Howdy list, Norman,
I have a (real world) scenario around those lines, probably a subset / special case of the conversation so far. Discussing it here will help me wrap my head around this aspect of Genode I think:
Let's say you're writing some high-reliability software (take that with a heavy pinch of salt: this is not about airplane embedded software or NPP programs, I'm thinking of humble Radio Automation Software!).
In the radio industry, the 'cardinal sin' is going silent. You don't want your software to stop broadcasting music and go dead for a prolonged time (though crashing and being auto-restarted in a few seconds is tolerated to some degree). Especially if it happens at night when nobody's in the studio to "kick" the computer back into life until the next morning.
If there are no crashing bugs, no automation bugs, and no memory leaks, you're golden -- the above wish is realized.
Focusing on the topic at hand though: what if there is a memory leak that, in Genode's case, ends up as a blocking "resource request", whereby the broadcast app stays there doing nothing, and not being restarted clean from a blank slate ?

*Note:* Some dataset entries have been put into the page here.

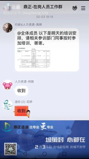 2月4日起,总公司每天安排不同的课程进行网络在线教学,让员工们在这个疫情防控的特殊时期静下心来学习,弥补自己的短板,提升自己的能力。除了白天的培训学习,每天晚上八点,公司领导还组织员工观看学习建设行业大咖们共同创建的《建设行业抗疫连线》直播,和大家一起在线上交流讨论彼此的学习心得。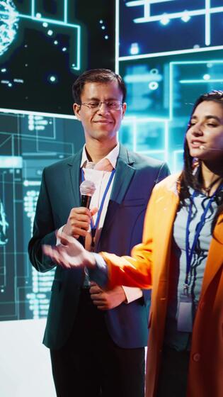 verticale presentatore e specialista ospite parlando a ai vertice portando insieme Tech startup professionisti, esplorando ultimo sviluppi nel artificiale intelligenza e in profondità apprendimento tecnologia, telecamera B Video Pro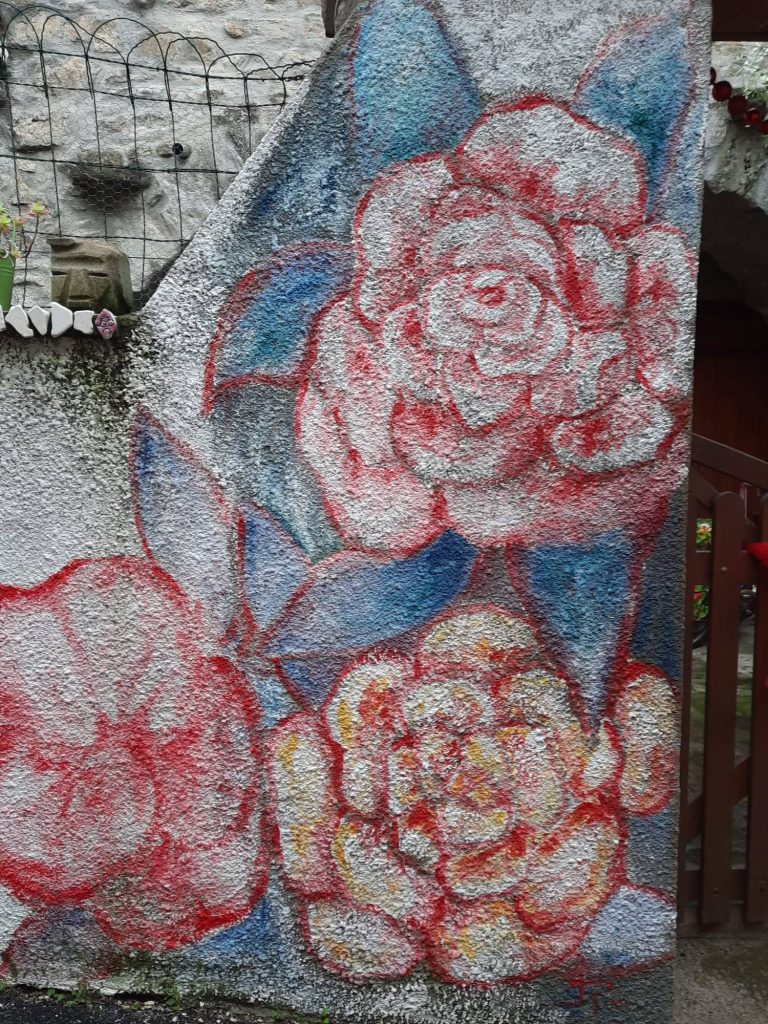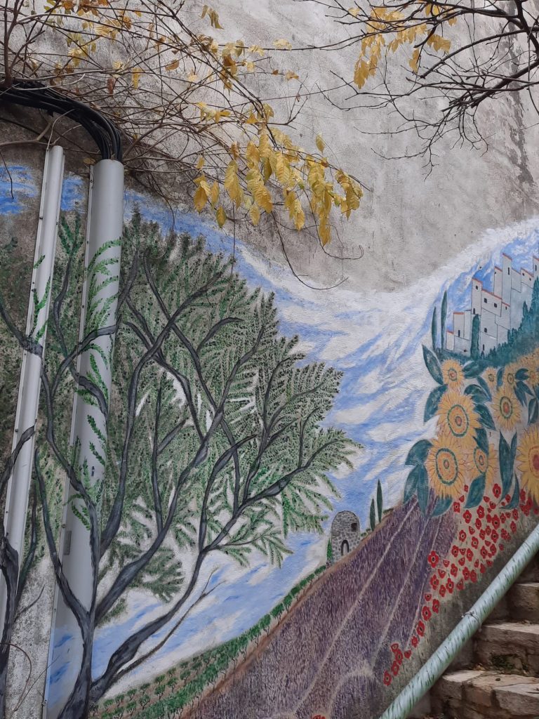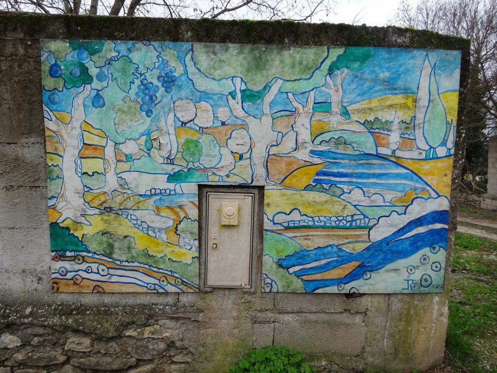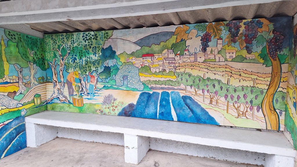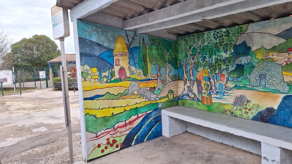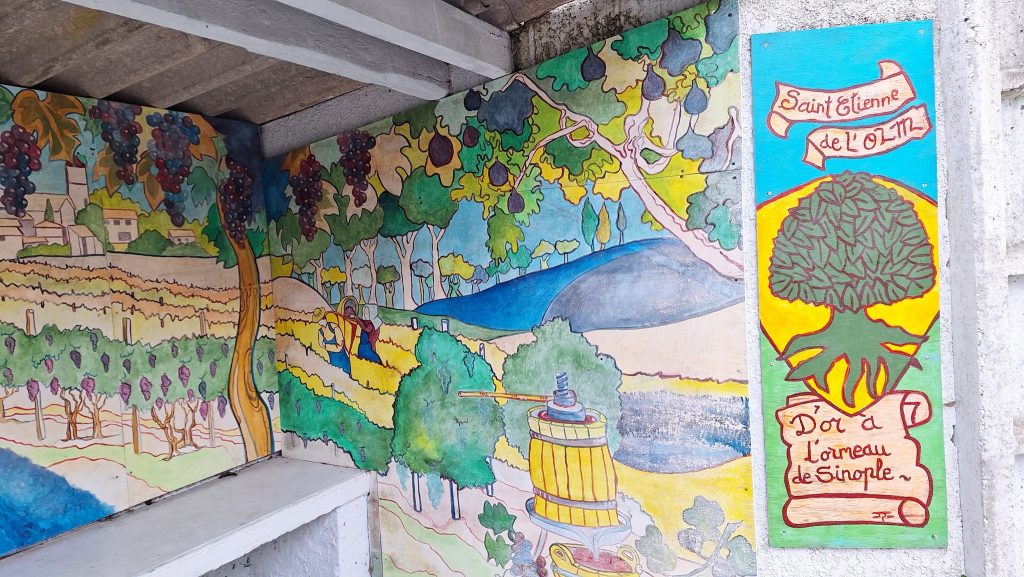 L’ Art au détour des rues de St Etienne de l’Olm. Les peintures murales ornent certaines façades, abribus et apportent couleur et personnalité au village.

Software written against ffmpeg or libav and the like tends to be fussy, and be hard to get 100% right memry wise (ask me how I know *g*). Hopefully that won't be the case on Genode, but let's say it is, for the sake of argument. Let's imagine my app's memory usage creeps up continuously by several MBs per day, such that it eventually overwhelms its assigned memory quota, no matter how generous, after a sufficient amount of time has elapsed.
What is the "Genode doctrine" for dealing with that, for writing highly reliable code ?
To get the discussion started, I'll come up with a few ideas.. Not sure which of these are already implemented/possible in Genode; In my ongoing exploration of the source I've noticed something called "sequence" (?) (I think it's in repos/ports or something) that allows to repeatedly launch a component after it quits, maybe that would help. Anyway here goes:
- init/core (is configured to) kill the child as soon as it oversteps its RAM quota (or capability quota); then restart it, either in lock-step or by another component (sequence?), in order to keep the "init" component as simple as possible.
- the program itself detects that it has gone over-quota, and commits "suicide", then gets restarted (by e.g. "sequence" mentionned above)
- the program implements a hook (callback) for handling quota going over-bound, which simply calls exit(), and "sequence" handles the restarting.
- "sequence" itself is the direct parent (instead of init) of the radio app, and thus is the recipient of ram quota requests, and handles them differently from init: it kills-restarts the app when receiving such a request.
- "sequence" is the direct parent, and monitors the ram usage of its child (say, once per second), because the above method does not work somehow
- other ideas ?
Cedric